Omega-9 fatty acid is often found being sold on shelves in Health Food stores. It’s a scam. Oleic acid (omega-9) is found in vegetable oils and food. Abundantly so. You don’t need to supplement it.

Actually, the whole thing is a scam since unsaturated fatty acids like omega-3 and omega-6 fatty acids are very difficult to store. The fatty acid molecules break apart, so the capsules really don’t contain any of the nutrients they claim. 

Alcohol  (stop cheering, Tess):
We’re gonna include Booze in the fats since it’s not a nutrient, but does add energy and is broken down to a form of fat. (You get 7 kcal/g from booze. No nutrients, really, although stout is the healthiest choice. Also the tastiest. Get some Guinness into your neck, dammit!)

Alcohol modifies nutrients and adds to dehydration. It has a catabolic affect. It interferes with protein and carb use by the body, by lowering blood sugar, limiting glycogen storage, and slowing muscle repair. So, booze is possibly the worst thing to ingest when trying to become/stay fit. Who says God doesn’t have a sense of humour? He does, and it’s a particularly sadistic one. Benny Franklin was wrong. Grog interferes with B vitamins. The additional calories contribute to the fat being stored around your gut (Want a six-pack? Avoid six-packs!). Aside from aesthetic reasons, aside from athletic reasons, you don’t want blubber around your belly for simple health reasons. Hooch also slows reaction time and screws up simple coordination, not only when you have it in your system, but over the long run. Ever see an alcoholic’s hands? Imagine what they’re like with a rifle!

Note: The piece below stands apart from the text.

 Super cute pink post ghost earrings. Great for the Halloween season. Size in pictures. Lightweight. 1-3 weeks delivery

So, adds a whole different slant to “drink responsibly“, don’t it? That being said, I’m not about to give up my occasional pint o’ Guinness. In fact, it’s almost noon, now. Be right back…

aahhh…so - Minerals & Vitamins:
You only get ‘em from food. The body doesn’t create them. You really don’t need to supplement, if (IF) you are eating a reasonably healthy diet - from all four food groups, variety, nutrient-rich, little processing done to it, etc. You also need to ensure you’re eating adequate servings of the foods in question. One carrot a day just ain’t a-gonna get ‘er done. If you tend to eat the same food over and over, you don’t eat enough, you skip a specific food group, or for any of a dozen different reasons, you may want to take a generic ‘one-a-day’ supplement as an insurance policy.

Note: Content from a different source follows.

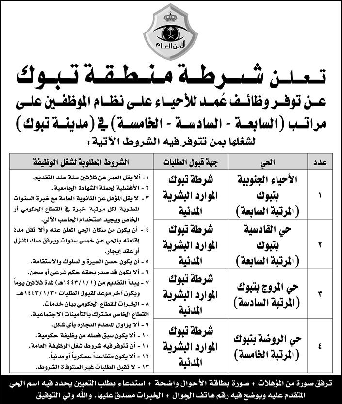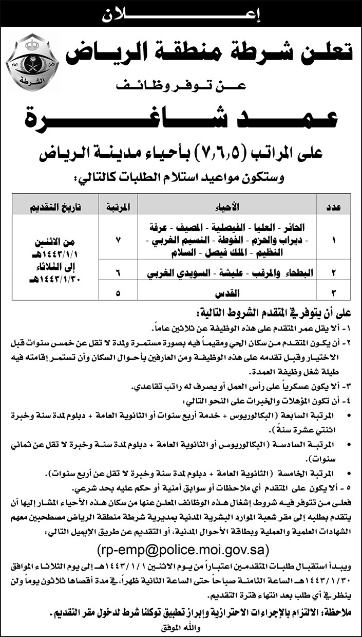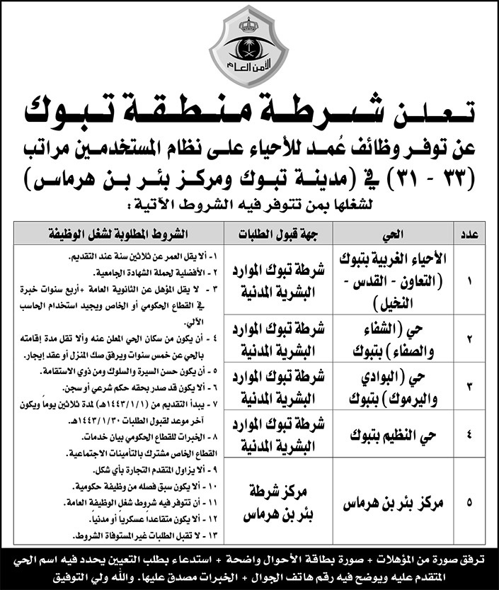 أعلنت شرطة منطقة الرياض وتبوك عن توفر وظائف عمد للأحياء على نظام الموظفين على مراتب السابعة – السادسة – الخامسة وعلى نظام المستخدمين مراتب 33 – 31 في تبوك ومركز بئر بن هرماس .

You may be short in iron and calcium if you avoid food from certain groups such as milk or meat. So, those who are lactose-intolerant, and those who suffer from that bizarre affliction called “vegetarianism” may want to look into supplementing with iron and calcium. Why? Iron carries oxygen to the muscles. Well, to all the cells really. No iron = tired and low endurance. Calcium makes for strong bones. Low calcium = stress fractures.

When you start a training program for muscle growth, iron levels can drop at first, but will usually normalize within a few weeks. Women eat less food than men, in general, and can be more at risk of iron deficiency. They also have a greater loss of iron, and often limit their meat ingestion. So, female athletes who don’t eat much meat should have fairly regular blood tests (give blood - they check your blood every time. It’s how we found the wife’s anaemia was finally under control.)
Iron is more easily and quickly absorbed from meat, fish, poultry than from plant matter. If you’re going to try to rely on plant sources for your iron, have a food/beverage that’s high in vitamin C. Tea & coffee can interfere with iron absorption, so you may want to avoid them 2 hours prior to eating.

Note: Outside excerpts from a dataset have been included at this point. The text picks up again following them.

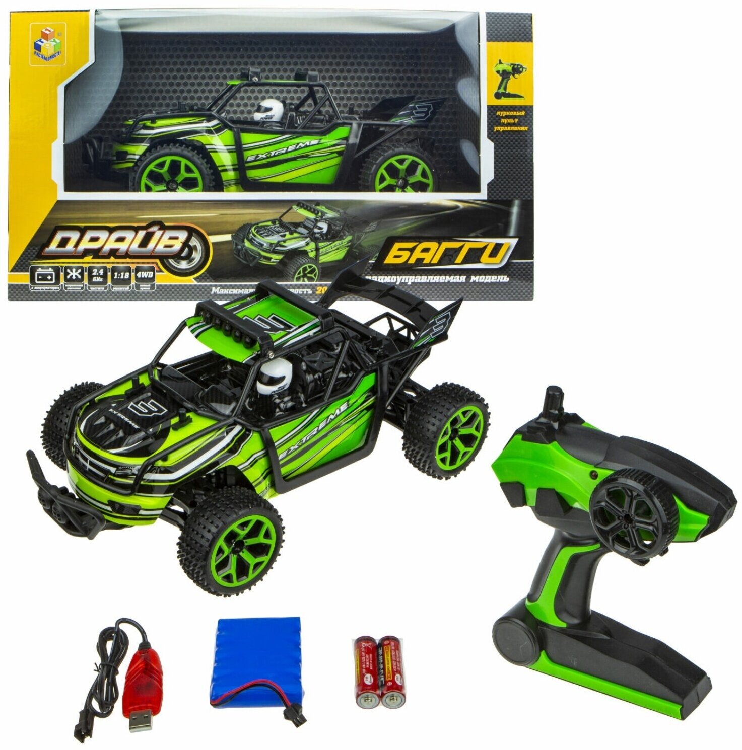 10 цен на 1toy Драйв, машина на р/у, 2,4GHz, 4WD, скорость до 20км/ч, свет, курковый пульт, с АКБ 700mAh Ni-CH, зеленый
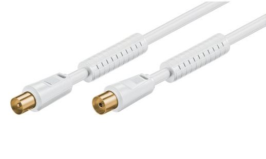 Kvalitná TV účastnícka šnúra s feritovými filtrami, 2,5m / IEC konektor(samec/samica)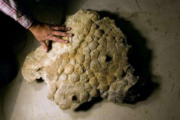 Next up is wonderfully preserved dinosaur skin from a fossil Triceratops named Lane (photo by the Black Hills Institute). Amidst the scales are large protruding bumps, or rosettes, that match up well against some of the historical depictions of dinosaurs engraved on the Ica Stones. While these fossils typically still leave a lot of unanswered questions (like what colors the dinosaur was), they can give valuable clues to the general appearance and physiology of the great reptiles. For example, the evidence of fluffy hairs on some pterosaur fossils led to artistic revisions and provided further evidence that they were warm-blooded.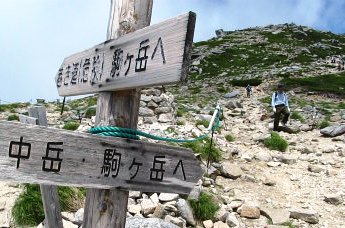 ![]() 駒ヶ岳から中岳と雲に見え隠れの宝剣岳 |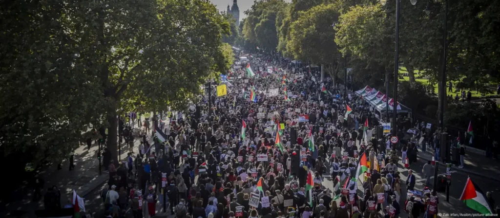 Cientos de miles de personas se congregaron este sábado (11.10.2025) en una marcha a favor de los palestinos en Londres con motivo del segundo aniversario del inicio de la guerra en Gaza y un día después de la entrada en vigor del acuerdo de alto el fuego entre Israel y Hamás.

Women  who don’t drink enough milk, but exercise heavily may often find they’re running not only a greater risk of stress fractures, but can be placing themselves at risk of developing osteoporosis later in life. (The less milk you drink, the sooner that “late” in question can be.) All athletes want to get their calcium from milk whenever possible, as lactose and vitamin D increase calcium absorption for storage n the bones. They work together. If you can’t drink milk, you can try: fortified soy or rice beverages, or fortified orange juice; canned fish with bones like salmon or sardines; almonds, and dark green veggies like bok choy, broccoli, and kale.

Vitamin D:
As stated above, it’s necessary for calcium absorption. The above milk and fortified drinks are sources. In summer, vitamin D is made when the sun reaches the skin. Sunscreen and dark skin limit vitamin D production, and in the winter, the sun don’t do the trick anymore, so supplementation can be necessary.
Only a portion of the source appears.